Slides Translator Agent

Slides Translator is an AI-powered agent designed to automatically translate the content of a Google Slides presentation into a specified language.

It leverages Large Language Models (LLMs) through the Google AI platform and uses the Google Drive and Google Slides APIs to read the original presentation and create a translated copy.

🏛️ Architecture

The agent is developed locally using the ADK (Agent Development Kit) and its web UI for testing.

Once ready, the agent code is deployed to the Vertex AI Agent Engine in the Google Cloud Platform for production use.

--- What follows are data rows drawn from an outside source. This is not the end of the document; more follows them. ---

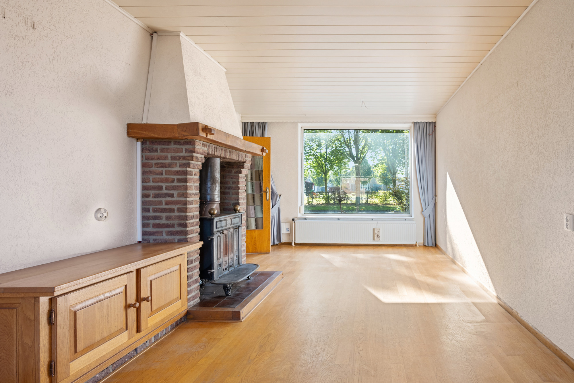 Via de entree/hal heeft u toegang tot de ruime living, meterkast, de trap naar de verdieping en de toegang tot de keuken. Ook is hier plaats voor een mooie garderobe. De living, welke zeer licht te noemen is, is tevens voorzien van een sfeervolle houthaard aanwezig. De keuken is v.v. een eenvoudige keukeninstallatie en heeft tevens een loopdeur naar de bijkeuken en garage.
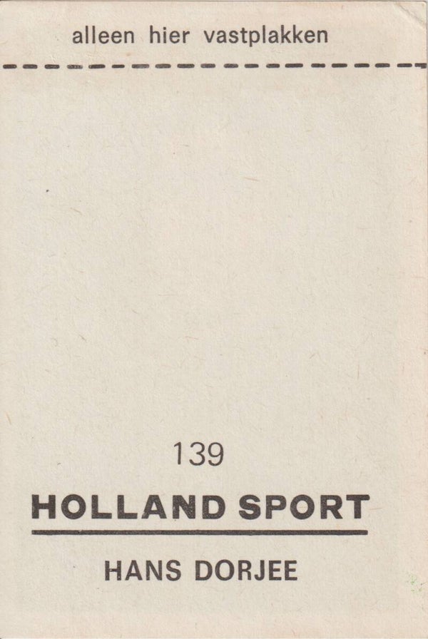 VanderHout Voetbalsterren 1969/1970Type: Plakplaatje#139: Hans Dorjee (Holland Sport)Plaatje is niet ingeplakt geweest.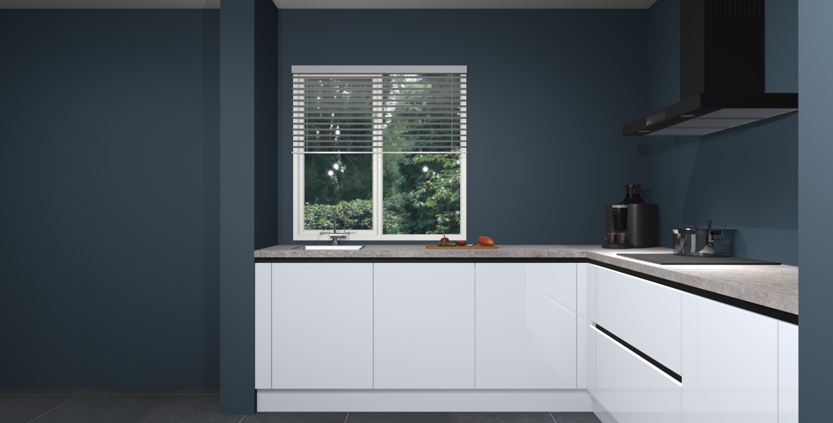 Met een modern, tijdloos design en ruime opslagruimte, zult u zich in no-time thuis voelen in uw nieuwe keuken. Uw leven wordt eenvoudiger met de soft-close deuren die voor het ultieme stille comfort zorgen - geen geluid dat u stoort terwijl u kookt. Ook is de keuken voorzien van 5 ingebouwde apparaten: een oven, inductie kookplaat, afzuigkap, vaatwasser en koelkast. Deze kunnen gemakkelijk na bestelling worden bijgewerkt naar AEG - waardoor uw luxe ervaring compleet is.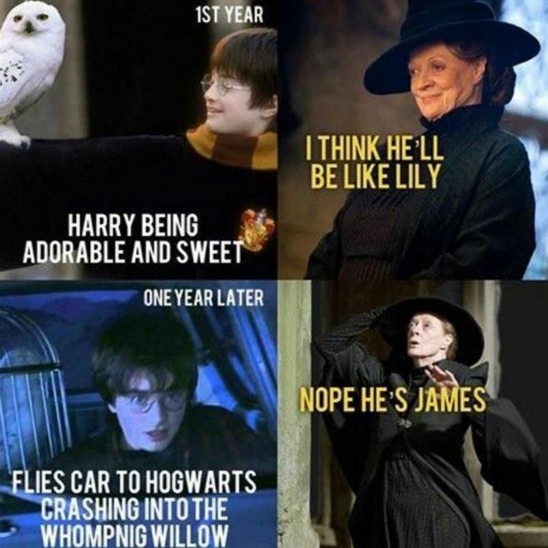 2. Jahr: Harry kommt mit fliegendem Auto zur Schule. McGonnagall: Nope, definitiv James!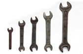 Stare narzędzia odizolowane na białym tle. Stary zestaw narzędzi.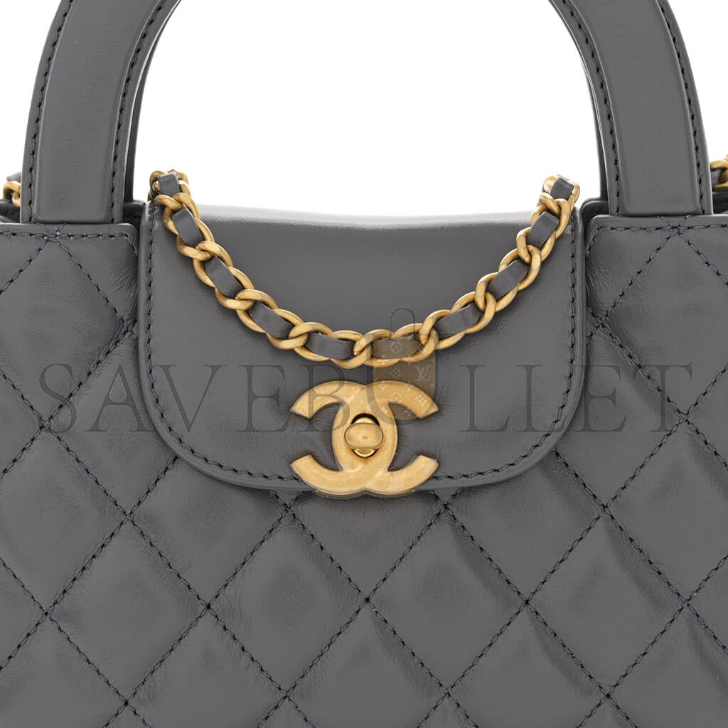 シャネル マスターケリーバッグ キルティング グレー シャイニーカーフスキン ゴールド金具 (19×13×7cm)
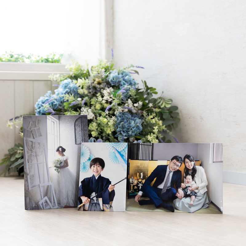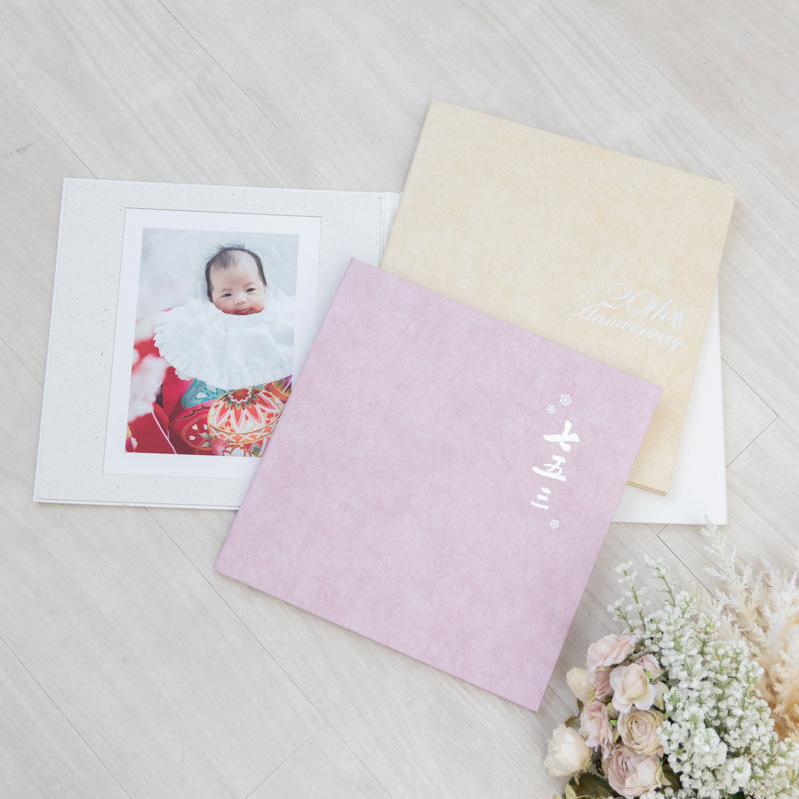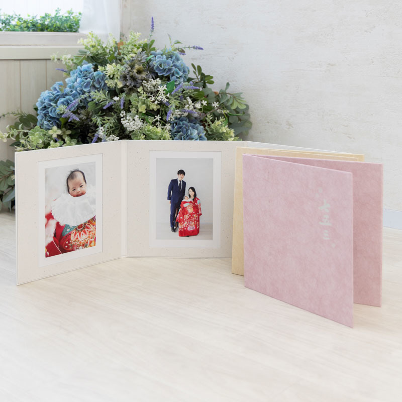 スタンダードな3面台紙です。表紙は色々なパターンからお選びいただけます。(七五三、成人式、アニバーサリー等)

In the production environment:

Users interact with the agent through the Gemini Enterprise.
The Vertex AI Agent Engine orchestrates the workflow.
It authenticates using OAuth Credentials to access Google Workspace APIs.
It interacts with Google Drive API and Google Slides API to read the original presentation and create a translated copy.
It leverages a Gemini Model to perform the text translation.

✨ Features

Google Slides & Drive Integration: Securely authenticates with Google services using OAuth2 to access presentations.
Automated Presentation Copying: Creates a new, translated version of the presentation in your Google Drive, preserving the original.
Content Translation: Extracts and translates all text elements within the slides.
Context-Awareness: Allows users to provide additional context (e.g., "this is a technical presentation") to improve translation quality.
Agent-based Architecture: Built using the google-adk framework for a modular and robust design.
Configurable: Allows setting the underlying LLM models for the agent and translation tasks via environment variables.
Concurrent Operations: Utilizes concurrent workers for faster text translation and slide updates.

🖼️ Screenshots

Here are a few screenshots of the Slides Translator Agent in action:

1. ADK Web UI (development):

2. Gemini Enterprise (production):

⚙️ Setup & Installation

Clone the repository:

git clone https://github.com/fmind/slides-translator-agent
cd slides-translator-agent

Install project and hooks: This project uses just as a command runner and uv for package management.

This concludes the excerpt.